We're monitoring the OLS setups by frequently parsing the .rtreport files located in /dev/shm/ols/status.
Initially the permissions on /dev/shm/ols are set to 750 with owner and group set to the ones defined in the OLS config (httpd_config).

We've changed the permissions so that our monitoring service (running as another user) is able to read these files.
However we noticed that these permissions get reset, pretty much 24h after the last OLS service restart (lsws).
Can the needed permissions be configured anywhere? I haven't found anything related to rtreport or status file permissions in the docs.

Thanks :)
 
Napsty

Napsty

New Member
#3
#3
I see that this is triggered automatically when the QUIC.cloud whitelist was changed:

Code: 
2025-03-05 09:38:27.029847 [INFO] [1499525] Daily download QUIC.cloud whitelist IP to tmp/download-quic-cloud-ips ...
2025-03-05 09:38:27.661524 [NOTICE] [1499525] QUIC.cloud IP list has been changed, request  a graceful restart.
2025-03-05 09:38:27.802188 [NOTICE] [1499523] Child Process:1499525 request a graceful server restart: 2 ...
What is the exact command behind the graceful restart? Is this an internal function inside OLS? Because I can't see the lsws systemd service to be triggered at that time.
 
LiteCache

LiteCache

Active Member
#4
#4
Napsty said:
Hello folks,

We're monitoring the OLS setups by frequently parsing the .rtreport files located in /dev/shm/ols/status.
Initially the permissions on /dev/shm/ols are set to 750 with owner and group set to the ones defined in the OLS config (httpd_config).
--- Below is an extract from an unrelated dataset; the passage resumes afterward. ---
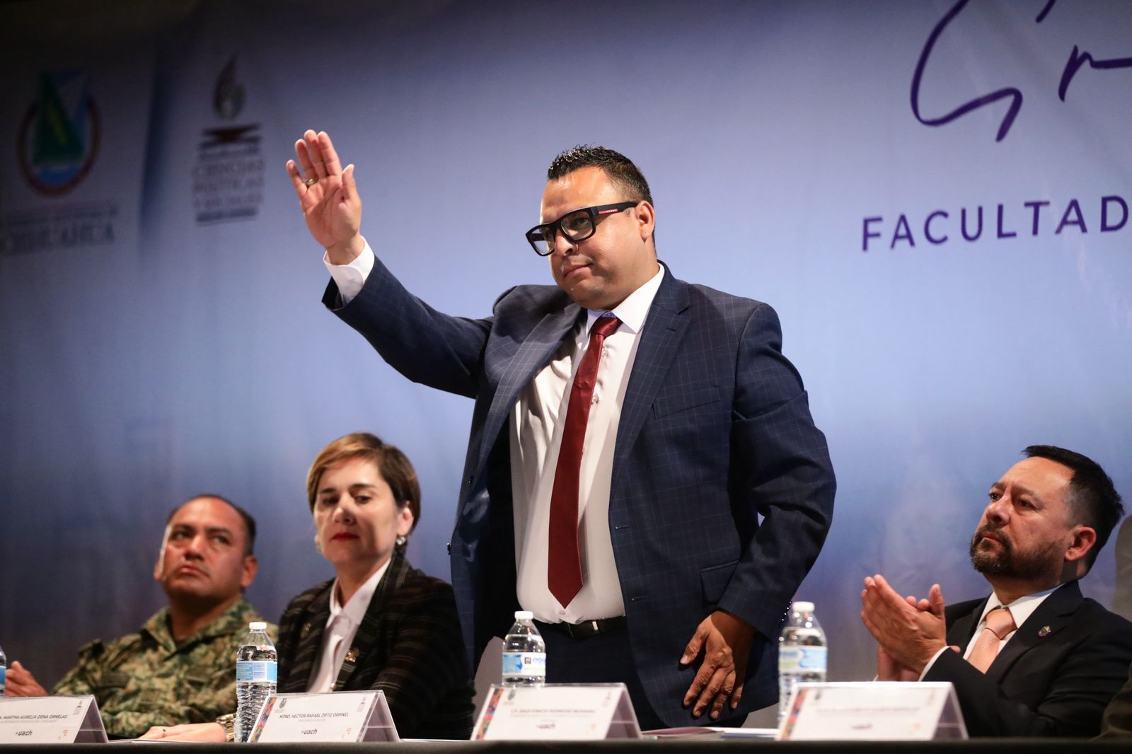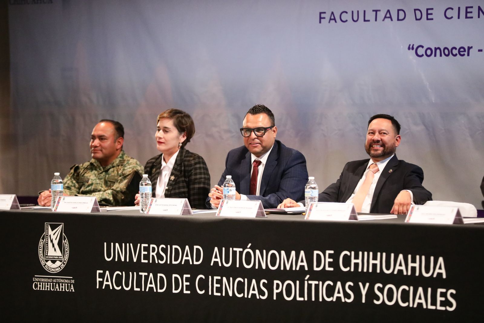 Durante el evento estuvieron el Capitán Segundo de Caballería Salomón González Pineda, de la Guarnición Militar; Jorge Enrique González, del poder Judicial del Estado de Chihuahua y Martha Aurelia Dena Ornelas, secretaria de Investigación y Postgrado de la Facultad de Ciencias Políticas y Sociales.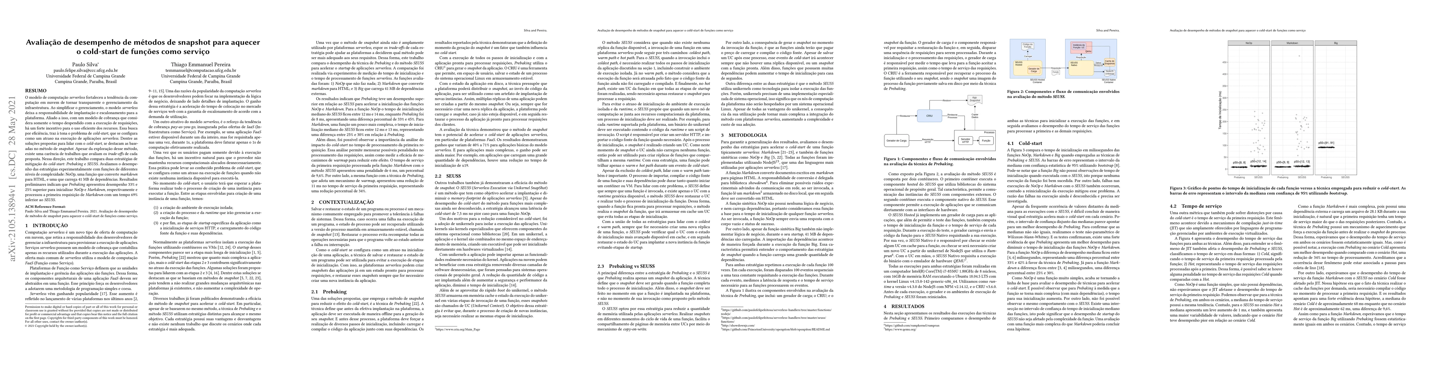 The serverless computing model strengthens the cloud computing tendency to abstract resource management. Serverless platforms are responsible for deploying and scaling the developer's applications. Serverless also incorporated the pay-as-you-go billing model, which only considers the time spent processing client requests. Such a decision created a natural incentive for improving the platform's efficient resource usage. This search for efficiency can lead to the cold start problem, which represents a delay to execute serverless applications. Among the solutions proposed to deal with the cold start, those based on the snapshot method stand out. Despite the rich exploration of the technique, there is a lack of research that evaluates the solution's trade-offs. In this direction, this work compares two solutions to mitigate the cold start: Prebaking and SEUSS. We analyzed the solution's performance with functions of different levels of complexity: NoOp, a function that renders Markdown to HTML, and a function that loads 41 MB of dependencies. Preliminary results indicated that Prebaking showed a 33% and 25% superior performance to startup the NoOp and Markdown functions, respectively. Further analysis also revealed that Prebaking's warmup mechanism reduced the Markdown first request processing time by 69%.

We've changed the permissions so that our monitoring service (running as another user) is able to read these files.
However we noticed that these permissions get reset, pretty much 24h after the last OLS service restart (lsws).
Can the needed permissions be configured anywhere? I haven't found anything related to rtreport or status file permissions in the docs.

Thanks :)
Click to expand...
I'm not sure if you know what you're doing. From your description, you're trying to check whether OLS is running or not. The idea isn't bad, but in reality you're sitting on a branch (OLS) and you want to check whether the branch (OLS) is still attached to the trunk (your server). If the trunk (your server) is dead, you can't use the broken branch (OLS) to check whether the trunk (your server) is dead.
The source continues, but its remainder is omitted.